在Linux 3.x上挂钩sys_execve()
我试图通过修改系统调用表来挂钩Linux 3.x内核上的sys_execve()函数。 问题是sys_execve()只应在执行失败时返回错误代码。 使用我正在使用的包装器函数(见下文),当在有效的可执行文件上调用sys_execve()时,它执行正常并且一切正常。 但是,当调用不存在的文件或导致错误情况的其他内容时,调用程序将崩溃:
segfault at 3b ip 000000000000003b...
使用strace来检查钩子sys_execve()的返回值,显示-1或ENOSYS而不是正确的错误代码,这让我感到困惑,因为我检查了我的包装器函数的程序集以及sys_execve()的Linux源代码。 有关为什么我的包装器没有正确传递错误代码的任何建议?

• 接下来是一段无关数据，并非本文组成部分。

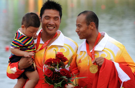 8月23日,孟關(guān)良和楊文軍在北京順義奧林匹克水上公園再次掛上了奧運(yùn)金牌。 當(dāng)白色的船艇剛觸碰到終點(diǎn)線,孟關(guān)良和楊文軍就摔落到了水里。“實(shí)在是太累了,身體已經(jīng)到極限。剛沖過終點(diǎn),我就再也無法堅(jiān)持跪在艇上了。”在混合區(qū),孟關(guān)良對于自己落水這樣對新華社記者說。 賽后,兩人的加拿大教練馬克告訴記者,2周前孟關(guān)良的背部就出現(xiàn)了問題。賽前沒有人知道孟關(guān)良還能否出現(xiàn)在奧運(yùn)賽場上。不過,“他們堅(jiān)持下來了,是用心在比,表現(xiàn)非常好!敝,馬克激動地說。 男子雙人劃艇500米的頒獎儀式是當(dāng)天倒數(shù)第二個舉行。當(dāng)孟關(guān)良和楊文軍掛著閃閃的金牌面朝五星紅旗時,順義奧利匹克水上公園上空響起了熟悉的《義勇軍進(jìn)行曲》。當(dāng)觀眾們在為兩人歡呼雀躍時,也許只有孟關(guān)良和楊文軍自己才明白這枚金牌多么來之不易。 “我和他們壓力都很大。4年前奪冠可以說沒什么壓力,但今天不一樣。”看到兩人第一個沖過終點(diǎn)后,馬克說。 作為上屆雅典奧運(yùn)會男子雙人劃艇500米衛(wèi)冕冠軍,孟關(guān)良和楊文軍一出現(xiàn)在起航線上,就引起了看臺上無數(shù)中國觀眾的歡呼。當(dāng)天比賽,孟關(guān)良和楊文軍身穿紅黃相間的中國隊(duì)服站在了第5道前。2007年世錦賽冠軍的德國組合克里斯蒂安·吉勒/托馬斯·維倫策克,和預(yù)賽中僅落后兩人0.023秒的俄羅斯組合分列第4道和第3道。 一起航,孟關(guān)良和楊文軍很快便顯示了衛(wèi)冕冠軍的實(shí)力。50米過后,逐漸擺脫各艇,率先占據(jù)領(lǐng)先位置,德國隊(duì)列第三。然而,兩人的衛(wèi)冕之路并非毫無懸念。250米過后,位于第3道的俄羅斯組合謝爾蓋·烏列金/亞歷山大·科斯托格洛德開始加快速度,從第四位一下躍居第二,并且直逼中國隊(duì)。不過,孟關(guān)良和楊文軍在最后50米的奮力沖刺挺住了俄羅斯隊(duì)的沖擊,第一個沖過終點(diǎn),成績是1分41秒025。俄羅斯組合獲得銀牌,德國隊(duì)名列第三。 紅地毯上的最高領(lǐng)獎臺上,當(dāng)孟關(guān)良和楊文軍在鎂光燈前露出勝利笑臉時,突然出現(xiàn)的一位小客人引起了在場所有人的歡呼。孟關(guān)良15個月大的兒子被抱上了領(lǐng)獎臺。當(dāng)站在臺上的孟關(guān)良從妻子手中接過兒子后,臉上燦爛的喜悅不僅僅來自于胸前掛著的金牌。而一家三口和自己親密“戰(zhàn)友”面對國旗的合影,成為北京奧運(yùn)會皮劃艇收官之日的一幕經(jīng)典。
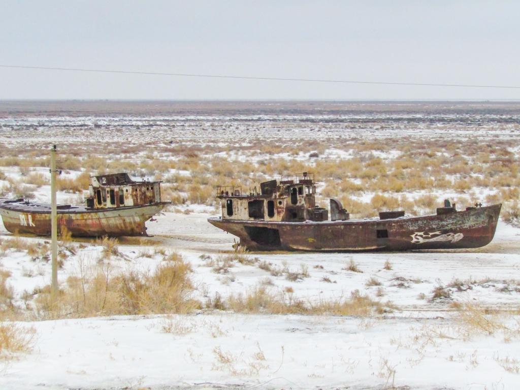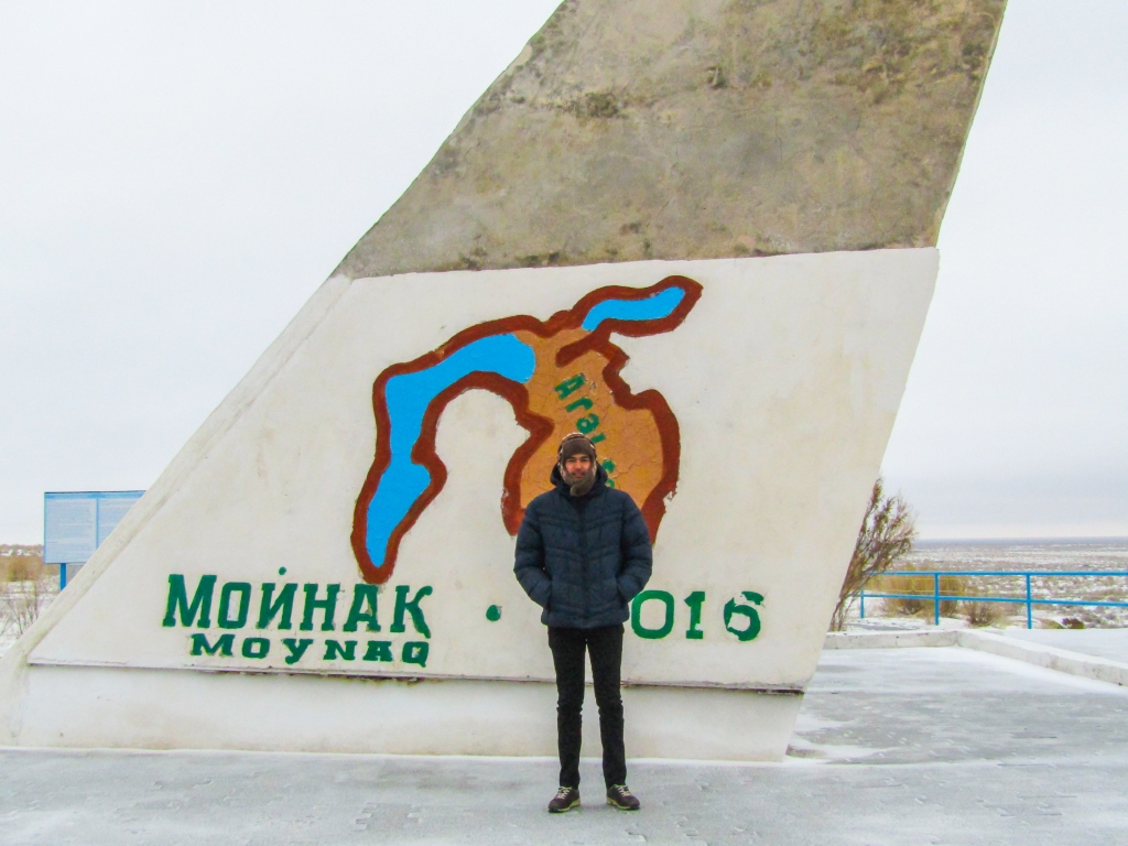 My trip to the Aral Sea took place during the last few days of 2016. The purpose of my visit was to interview locals and research the situation in the region with my own eyes. The data I collected was supposed to be used for writing my senior thesis—a project related to the rehabilitation of the Aral Sea. I believe I am the first AUCA student to visit the Large Aral Sea located in Uzbekistan. The transportation costs to the former port town of Muynak were covered by SILC (Student Intellectual Life Committee), a group which aims to support AUCA students in conducting research. Unfortunately, due to inclement weather and an absence of drivable roads to the sea, we were unable to reach the existing body of the Western Aral Sea 200 km from Muynak. We were informed that, in the case of a breakdown, there would be no one who would come to our rescue making the possibility of perishing in the middle of nowhere uncomfortably high. As a result, we decided to stay in town and conduct our research there. I was able to interview several people representing different age groups and professions and get to know their attitudes towards the desiccation of the sea. Some of those individuals were lucky enough to have seen the sea many decades ago, while others had only heard stories of a sea full of fish which used to wash the shores of Muynak. For the younger generation those stories seemed to be made up legends rather than fact.

asmlinkage long new_execve(const char* name, const char const** argv, const char const** envp, struct pt_regs* regs) { return orig_func(name, argv, envp, regs); }
你不能通过修改系统调用表来挂钩execve ,就像在x86_64上从stub_execve调用sys_execve stub_execve 。 所以调用链是sys_call_table[NR_execve] -> stub_execve -> sys_execve -> do_execve …看看LXR上的stub_execve 。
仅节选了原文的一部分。